The Problem with Online Businesses is that they’re not real.
Worse, at the moment? Very few people have spare cash lying around that they’re willing to spend on something fake.
^ That is the extent of my answer, and you could stop reading here if you liked and still have a fairly complete picture of my opinion here. I’ll also walk you through why I came to this conclusion.
2007-2009, When I first began my business journey.
Back in the day online business was the new thing. Everyone had a blog and some of them were even good. You’d go around several blogs just commenting and you’d do your best to post daily. Daily posts weren’t exactly “good” as a rule, but it didn’t matter because it was the start of the content creation boom and getting eyeballs was fairly easy if you could string sentences together.
An interesting thing started happening; people started businesses around helping other people get better at blogging, marketing, and business. It was also the time of the Life Coach. Lots of people we take for granted as household names now (at least, in the internet space) were just starting out or becoming popular.
A new type of business was king, then. You didn’t need a business plan or any of those stuffy traditional methods of marketing, sales, and operations. You just showed up and it rained money. Sometimes, anyway. Luck was a factor, personality was a factor, and getting attention was key.
Social Media
Fast forward some and Facebook appeared. Twitter. LinkedIn. Etc. Internet business people moved onto those platforms as well, blog posts got better because people would take more time over them and try to do something interesting. Daily social media became the new battle cry. Multiple times daily if you could stomach it.
People didn’t even remember “old” business practice by then. Besides there were so many “good” courses on starting a business, and it wasn’t that hard to be a service provider. Money flowed, and if you happened to be good at something, you could make a ton of it.
Businesses Serving Businesses Serving Businesses
What happens when you get a bunch of online entrepreneurs together making money quickly and not knowing what to do with it?
You get a lot of businesses appearing to serve those entrepreneurs.
Some were useful. Accounting, Bookkeeping, Graphics, Web Development (I have a separate rant on web design), anything that needed you to have a specialist set of skills to administer was great. These people did really well.

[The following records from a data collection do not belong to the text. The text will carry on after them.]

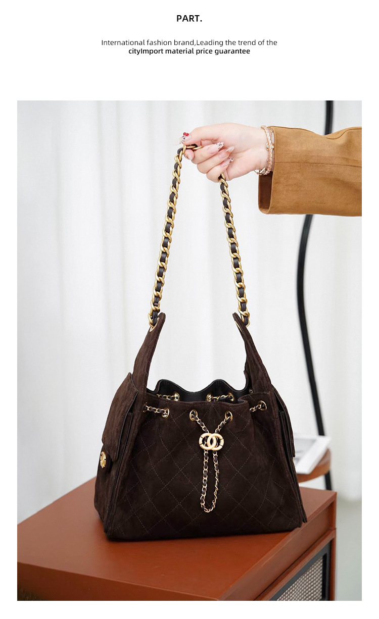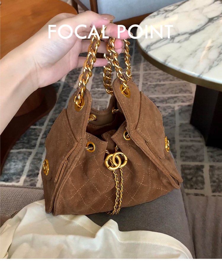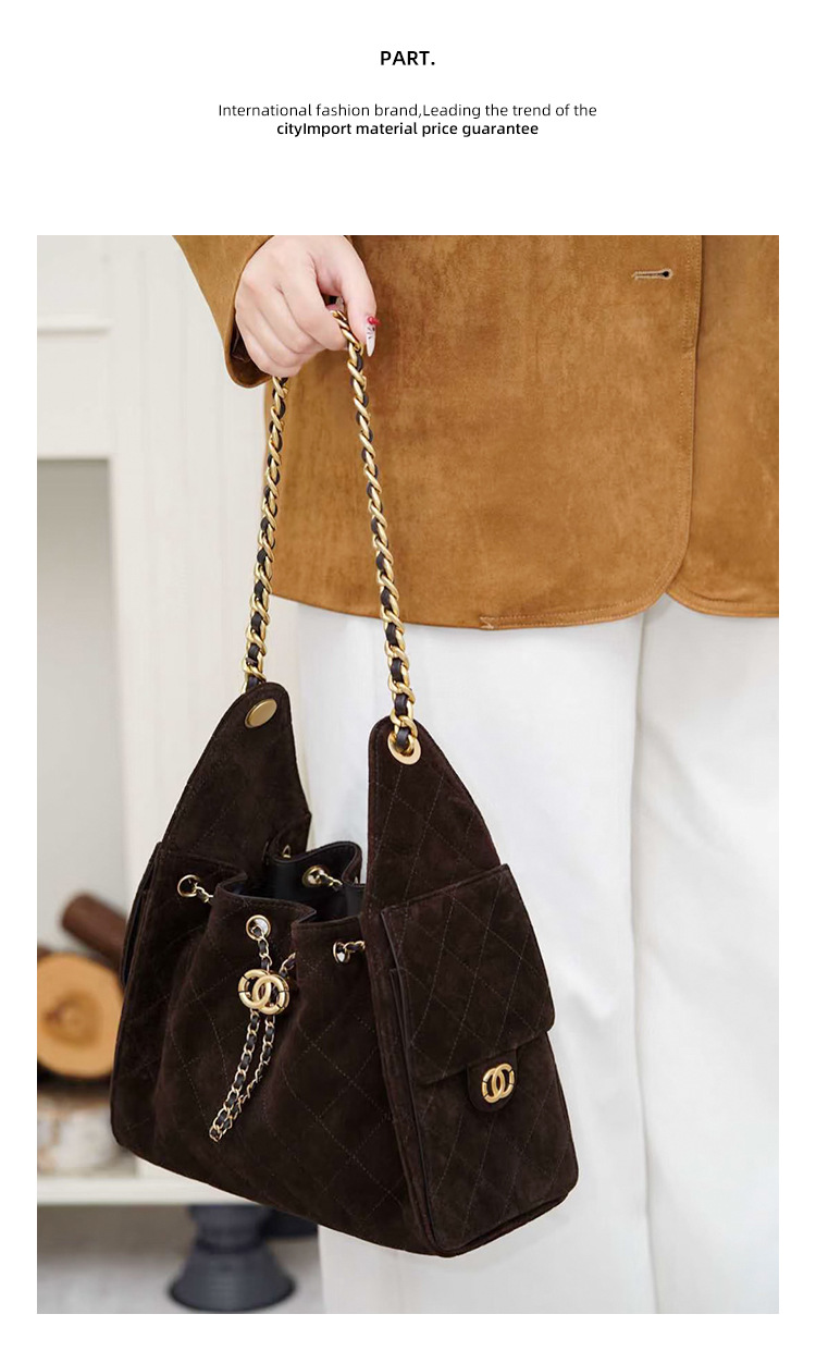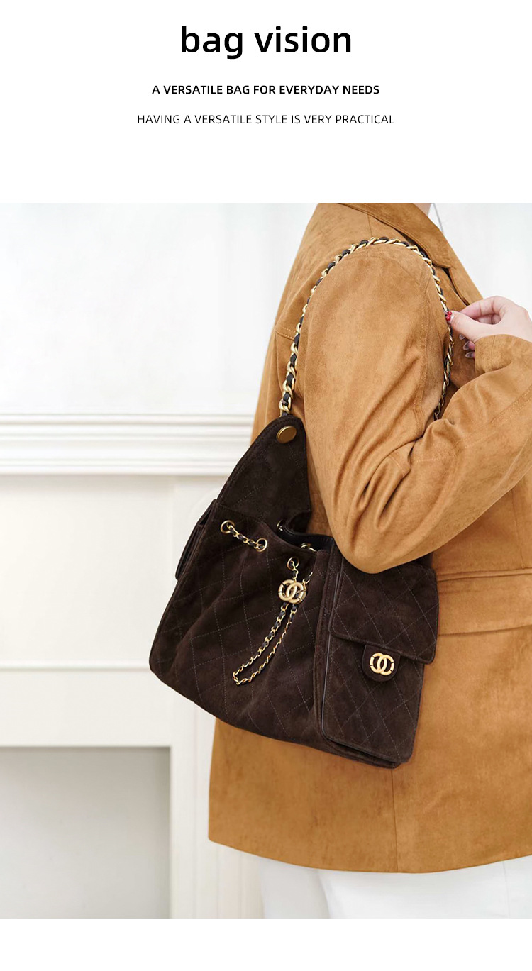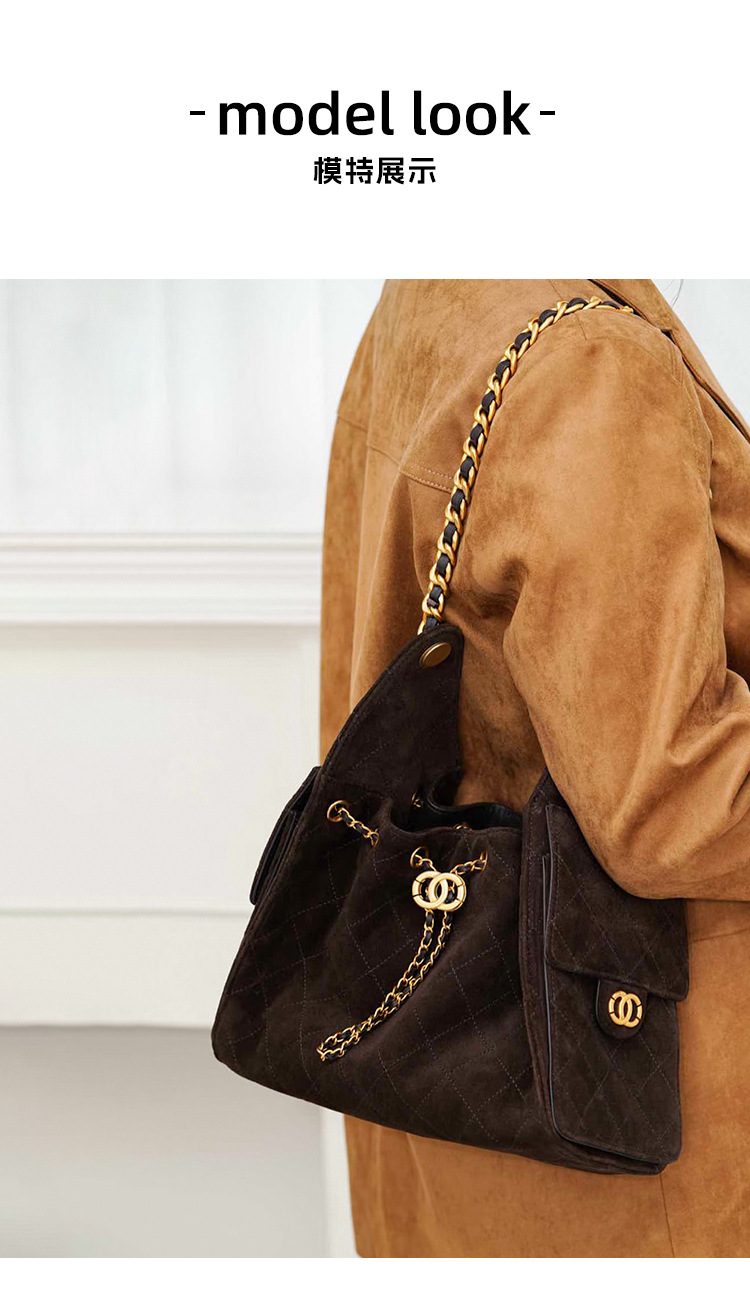 菱格托特包磨砂真皮小香风麂皮绒链条腋下包反绒皮单肩通勤包包女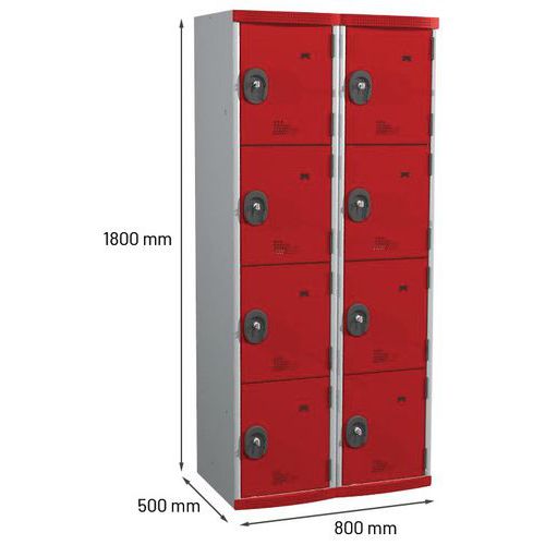 Garderobekast 8 vakken Seamline Optimum® - 2 kolommen breedte 400 mm - op sokkel - Acial
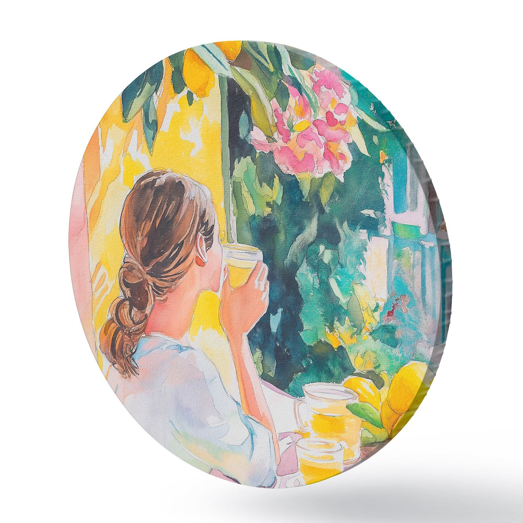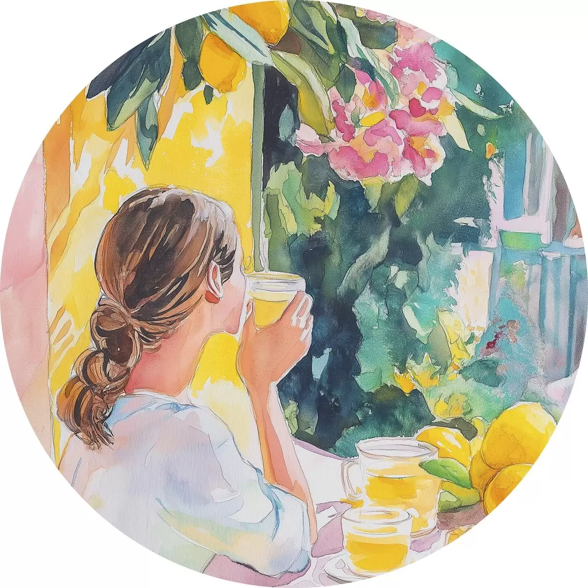 Nuotrauka Vasaros nuotaikos, mergina kavinėje, limoncello, Italija, akvarelės stilius Nr r44505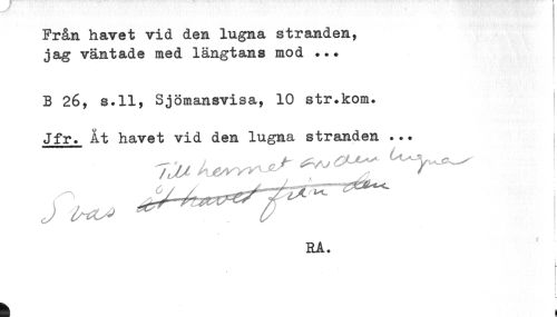 //// Från havet vid den lugna stranden, //// jag väntade med längtans mod ... //// B 26, s.ll, Sjömansvisa, 10 str.kom. //// Jfr. Åt havet vid den lugna stranden ... //// ] //// RA. ////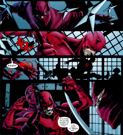 Daredevil is a comic that tends to operate under the radar, appropriately enough. Despite the fact that Bendis and Brubaker were becoming two of Marvel’s most popular and beloved writers while working on Daredevil, the title never explicitly tied into the main Marvel universe continuity. While there may have been references to the shifting status quo, the comic never had to worry about publishing a Civil War tie-in or a Secret Invasion crossover. The comic was self-contained and free to pursue its own narrative threads without being beholden to whatever was happening in the larger books in a given month.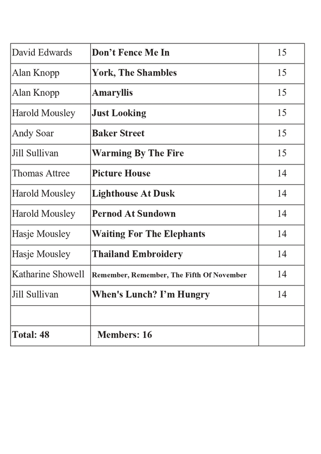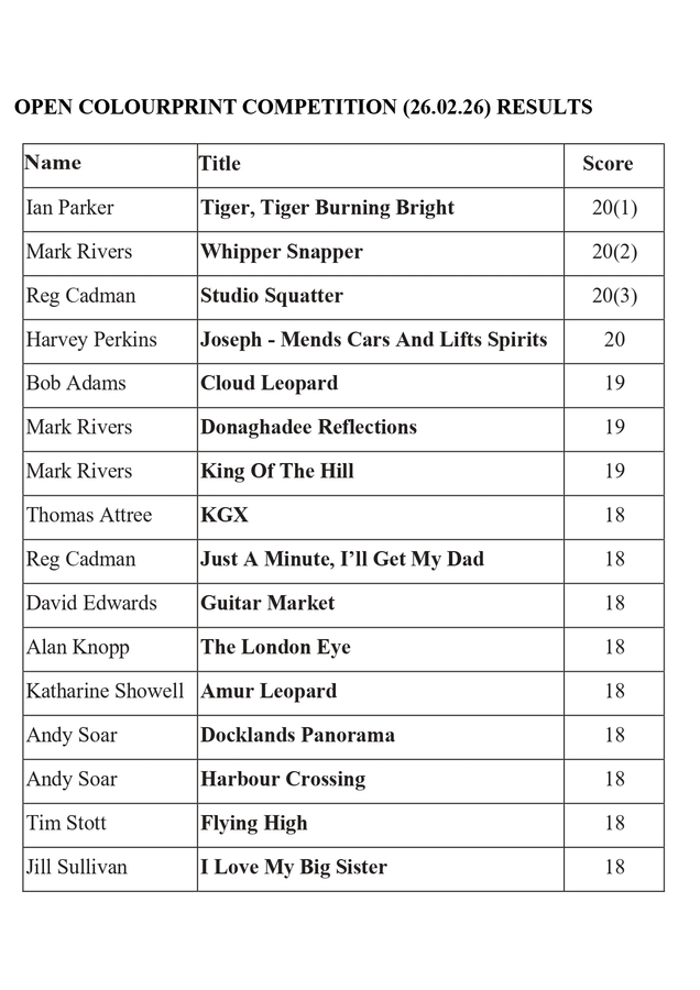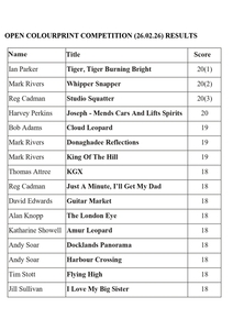 All the competition entries and the Open Colour Print Scoresheet are now published.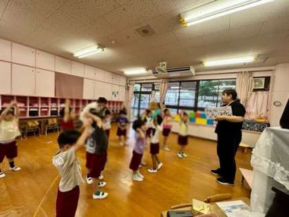 今日は4歳児がお話合わせて、体をしっかりと動かしました!数字に合わせて、イチゴやバナナ、きゅうりやゴリラさんに大変身☆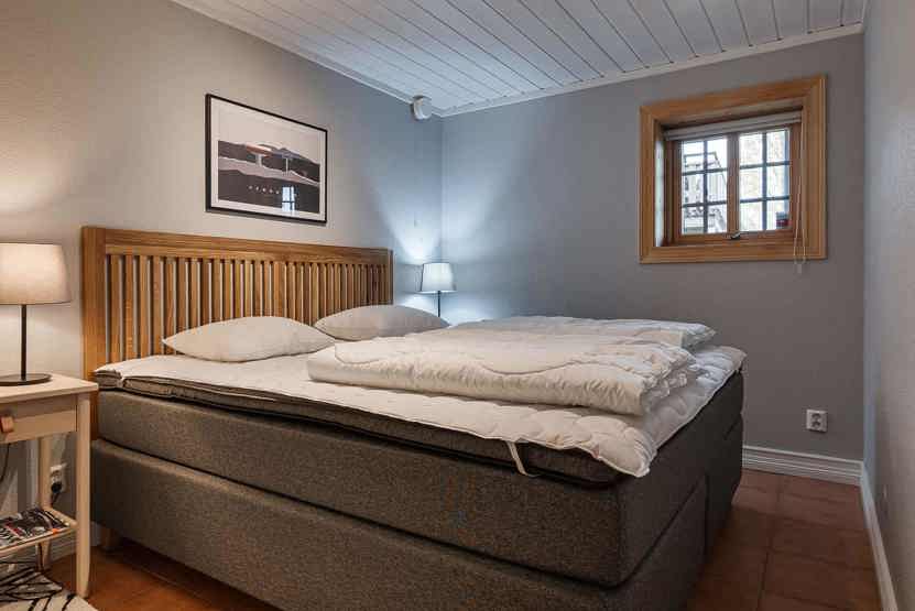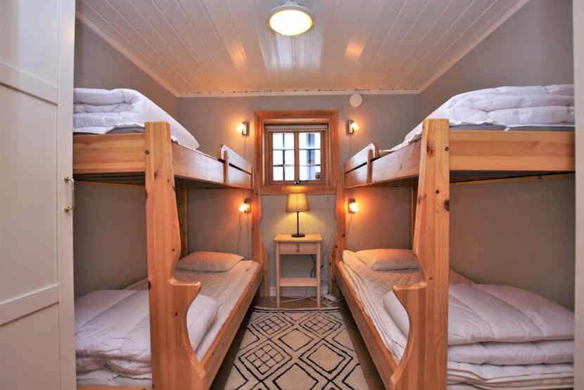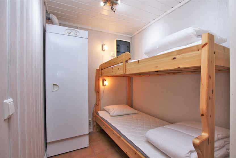 Soveværelse-1 = 1 dobbeltseng 180 cm bred. Soveværelse-2 = 2 køjesenger med 90 cm bred underkøje og 80 cm bred overkøje.

Some centred around training various aspects of business. Marketing, Sales, Social Media, Newsletters, Course Design, Coaching, and so on. Some were good, others were… not. It was a bit more murky. Unfortunately, if you went to one of these courses or coaches and it didn’t work for you? There was a culture of “Oh, you must not have been trying hard enough/your mindset was off/you didn’t really want it.” So then you had the beginnings of the train > fail > train conveyer belt.
Now.
What happens when people can’t afford to support that conveyer belt any more?
A couple of interesting things. First, the less skilled trainers and service providers start to struggle. Then fold. Next the moderately good ones start having difficulty finding people. If they have much in the way of business skills (the old kind), they’re probably going to be fine with some adjustments. People teaching old style business skills will probably still be fine, and their market cleared up considerably.
If your methods/service/products/whatever actually work well, then you’re likely to still be fine. If they do not work or only kind of work ish for certain people then the chances of that business folding are high.
Basically, you have to actually be good to succeed when circumstances are hard.
What has that to do with online businesses?
Simply put, many of them aren’t good. For a number of years you were able to start up alone, with only the vaguest of plans, and expect to make some sort of money for your time. You didn’t have to speak to people in person, there wasn’t a need to even consider funding, and your local chamber of commerce was an “optional extra.”
Basically, you didn’t have to be a business. You could be a hobby, you could dabble, you could flail around and change what you’re doing every few months. That was before.
That’s not true now.
Now you need a solid foundation. To talk to people (clients, investors, peers, locals, press, etc). To have a plan and even somewhat follow the plan. To pay attention and make adjustments. To build something tangible, worth having, worth investing in, and ultimately worth believing in.
In short, you now have to be a business. Even on the internet.
And having a business is a lot harder than we’ve been led to believe over the last decade.